WORK ORDER:
Pictures aside, repeat the listing below exactly.

SUPPLIED DATA:
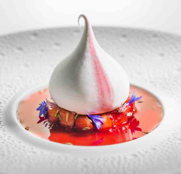 Le tout est saupoudré de graines de sarrasin soufflées et de poudre d’algue : une union inattendue et pourtant réussie qui s’achève sur les notes légères d’une meringue aérienne entourée de laitue de mer.
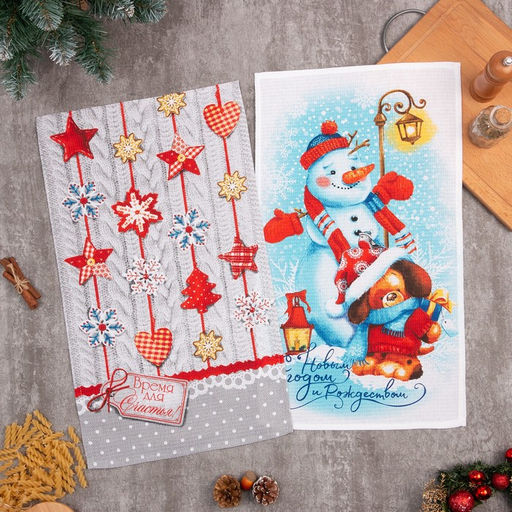 Набор кухонных полотенец Доляна Время для счастья 35х60см-2шт, 100% хлопок
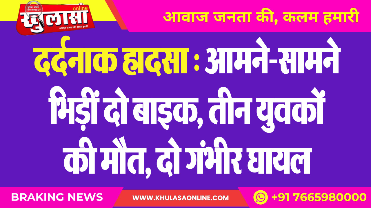 दर्दनाक हादसा : आमने-सामने भिड़ीं दो बाइक, तीन युवकों की मौत, दो गंभीर घायल
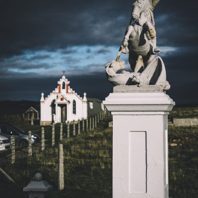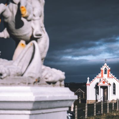 Am Hafen angekommen ging es für uns direkt weiter zur Italian Chapel. Einer seltsamen Kapelle nahe eines Dammes. Seltsam, da sie weder ins Landschaftsbild, noch auf unseren bisherigen Eindrücke in Schottland bezüglich „Glaube“ und „Kirche“ passte. Sie wirkte so „bekannt“. Als wäre diese direkt aus dem hauseigenen INRI-Katalog des Vatikans bestellt und geliefert worden.

COMPLETED TASK:
 Le tout est saupoudré de graines de sarrasin soufflées et de poudre d’algue : une union inattendue et pourtant réussie qui s’achève sur les notes légères d’une meringue aérienne entourée de laitue de mer.
 Набор кухонных полотенец Доляна Время для счастья 35х60см-2шт, 100% хлопок
 दर्दनाक हादसा : आमने-सामने भिड़ीं दो बाइक, तीन युवकों की मौत, दो गंभीर घायल
 Am Hafen angekommen ging es für uns direkt weiter zur Italian Chapel. Einer seltsamen Kapelle nahe eines Dammes. Seltsam, da sie weder ins Landschaftsbild, noch auf unseren bisherigen Eindrücke in Schottland bezüglich „Glaube“ und „Kirche“ passte. Sie wirkte so „bekannt“. Als wäre diese direkt aus dem hauseigenen INRI-Katalog des Vatikans bestellt und geliefert worden.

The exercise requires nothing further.